当然、こんな地味な船の資料なんて全然ないのだが、なんとかネットで集めた情報で記事にしてみよう。
もともとこの船はポーランドの船ではなく、1909年、当時ドイツ帝国領だった(現在はポーランド領)エルブロンクにあったFranz Schenk造船所で建造されたタグボート、「シャルロット」だった。
ポーランド海軍は1920年にこの船を購入、ドイツ娘の名前がイヤだったのか、名前を「SOKÓŁ(鷹)」に変更する。タグボートにしちゃ、えらく勇壮な名前だ(ポーランド海軍には同名の潜水艦が後に在籍している)。
1920年代と言えば、毎度おなじみ連合軍の黒トンチで掴まされた貧相な漁港グディニアをダンツィヒを超える一大貿易港にしよう、とポーランドが国を挙げていた時期。この地味な船はハシケの曳航などに地味に活躍、グディニア港の拡大に大きな役割を果たした。
SOKÓŁはその後もグディニアを守るヘル要塞、グディニアの北のオクシヴィエ軍港などで働き、1939年9月のドイツ軍侵攻時にはオクシヴィエ軍港に停泊していた。

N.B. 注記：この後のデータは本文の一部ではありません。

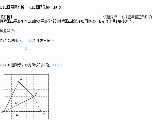 (2)在方格纸中画出△ABC的中线BD,并把线段BD绕点C逆时针旋转90°,画出旋转后的线段EF(B与E对应,D与F对应),连接BF,请直接写出BF的长.
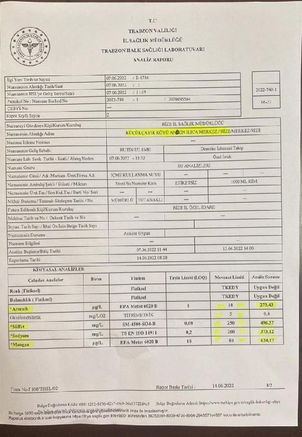Trabzon Halk Sağlığı laboratuvarlarına gönderilen numunelerin incelenmesi sonucunda suyun arsenik değerinin litresinde 10 mikrogram olması gerekirken, 27 kat fazlası 273,43 mikrogram olduğu ölçüldü. Analizlerde litrede 250 miligram olması gereken sülfat değeri de 496,37, 200 miligram olması gereken sodyum oranı ise 373,12 miligram ve 50 mikrogram olması gereken mangan oranı da 624,17 mikrogram çıktı. Suyun içmeye uygun olmadığının belirlenmesi üzerine İl Sağlık Müdürlüğü ekipleri çıkan analizler doğrultusunda içme suyunun bulunduğu yere ‘Bu suyun içilmesi sağlık açısından uygun değildir’ yazılı uyarı tabela astı.
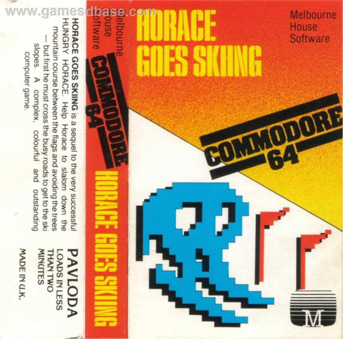 Horace Goes Skiing is a single player game with multiple genres. The first is similar to Frogger, where players begin with $40 and guide Horace across a busy road to the ski lodge. Getting hit by a vehicle costs Horace $10 in ambulance fees. Once Horace makes it to the lodge and hires skis, it becomes a ski game where players slalom between flags and avoid trees. Colliding with a tree will send Horace back to the start of the game. When Horace runs out of money, the game ends.
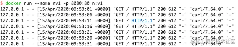 \ 2.新建 Dockerfile 文件\ # 基于 nginx:1.17.9 镜像构建 FROM nginx:1.17.9 # 指定信息 LABEL maintainer="hogwarts@testing-studio.com>" # 设置环境变量 ENV NGINX_VERSION 1.17.9 # 切换 root 用户 USER root # 执行命令,安装 curl 软件,设置软链接把 nginx 服务的日志显示到终端输出上。 RUN apt-get -yq update && apt-get install -y curl && \ ln -sf /dev/stdout /var/log/nginx/access.log && \ ln -sf /dev/stderr /var/log/nginx/error.log # 设置容器内 /data 目录为匿名卷 VOLUME ["/data"] # 设置工作目录 WORKDIR /data/html/ # 复制 index.html 文件到 WORKDIR 目录下。 COPY index.html . # 映射 80 端口 EXPOSE 80 # 此处 CMD 作为 ENTRYPOINT 的参数。 # CMD ["nginx", "-g", "daemon off;"] CMD ["-g", "daemon off;"] # 设置容器启动的命令 ENTRYPOINT ["nginx"] # 检查容器健康,通过访问 Nginx 服务 80 端口,来判断容器服务是否运行正常。 HEALTHCHECK --interval=5s --timeout=3s \ CMD curl -fs http://localhost/ || exit 1\ 3.构建镜像\ docker build -t n:v1 .\ 4.运行容器\ docker run --name nv1 -p 8080:80 n:v1\ 启动后,HEALTHCHECK 就会5秒钟访问一次 Nginx 服务,来确保容器运行的状态。\服务正常的状态。COMMAND 栏显示的命令,为 ENTRYPOINT 指令和 CMD 指令合并后的命令。\

ドイツ軍の侵攻は早く、脱出する機会のなかったSOKÓŁは9月14日、自沈した。
が、まだ話は終わらない。
自沈したSOKÓŁをドイツ軍は引き上げ、「Grabau」として自国海軍に組み込む。SOKÓŁ改めGrabauはかつての敵のためにチャプチャプと働いたが、1945年に連合軍の空襲により港内で沈没した。
ところが、これでもまだ話は終わらない。
1946年に引き上げられたGrabauは1947年、修復が済むと名前を「SOKÓŁ」に戻されて再度ポーランド海軍に組み込まれる。でも、やっぱりこの名前はタグボートには勇壮過ぎると思ったのか1949年に名前が「Majster(師匠)」に変更される。それはそれで大層な名前だ。
ポーランド海軍もやっぱりそれでは大層過ぎると思ったのか、1952年に名前は味気のない「BG3」に変更され、さらに1957年に「H3」に変更されたが、まもなく廃船となった。

そんなわけで、持ち主と名前がコロコロと変わったり戻ったりしたSOKÓŁの姿を公式ページの完成見本写真で見てみよう。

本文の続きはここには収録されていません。